Headwinds blow European companies off track

By Lyu Chang (China Daily) Updated: 2015-08-20 11:04

Headwinds blow European companies off track

Nokia Corp, which is owned by Microsoft Corp, closed its factory in Dongguan, Guangdong province, in April. [Liu Yalai / For China Daily]

Slowing growth in China hits sales as report by the EU Chamber of Commerce shows that firms plan to cut costs

Jack Luo, a salesman at a German auto dealership in Beijing, plans to start looking for another job after four of his friends left to join other companies.

Before car sales started to stall this year, he could make at least 15,000 yuan ($2,346) a month. But now he has to rely on his basic salary of about 3,000 yuan.

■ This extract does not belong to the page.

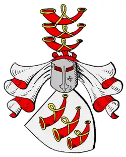 - Das Stammwappen zeigt in Silber drei rote, gold beschlagene und beschnürte Hifthörner übereinander. Auf dem Helm mit rot-silbernen Decken die drei Hifthörner übereinander.

Last month, new car sales dipped 2.5 percent to 1.3 million vehicles, according to the China Passenger Car Association. That was the lowest monthly level since February 2014.

Data published by another industry organization, the China Association of Automobile Manufacturers, showed car sales by its members fell 6.6 percent in July, also marking a 17-month low. The decline comes despite deep price cuts by manufacturers to woo customers back into showrooms in the world's largest car market.

"It is a tough business now," Luo, 30, and married, said. "We have to work harder to make a sale because customers are very demanding and budget-savvy."

But then, Luo is not the only one who has tightened his belt because of the economic slowdown. As international companies here report slowing demand, many employees face at least pay cuts.

A survey by the European Union Chamber of Commerce in China showed that 39 percent of EU-based companies planned to trim costs this year through lay-offs. In 2014, that number was only 24 percent.

At the same time, one-third of those companies polled revealed that they are putting investment and expansion plans on ice.

"China's economic slowdown is here, and it is already significantly impacting the performance of European business in China, which is increasingly concerned about the heightened threats that a deepening downturn will pose," the survey, based on more than 500 EU companies in China, reported.

Firms in the machinery industry have been badly affected along with the legal sector. The automotive and auto components industry, along with the chemicals and petroleum sectors as well as financial services, have also suffered, according to EU Chamber of Commerce report.

In the car industry, Volkswagen Group and General Motors Co have cut their sales forecasts this year. VW announced in its half yearly financial report that growth in China, its single largest market, has been shrinking since the beginning of this year.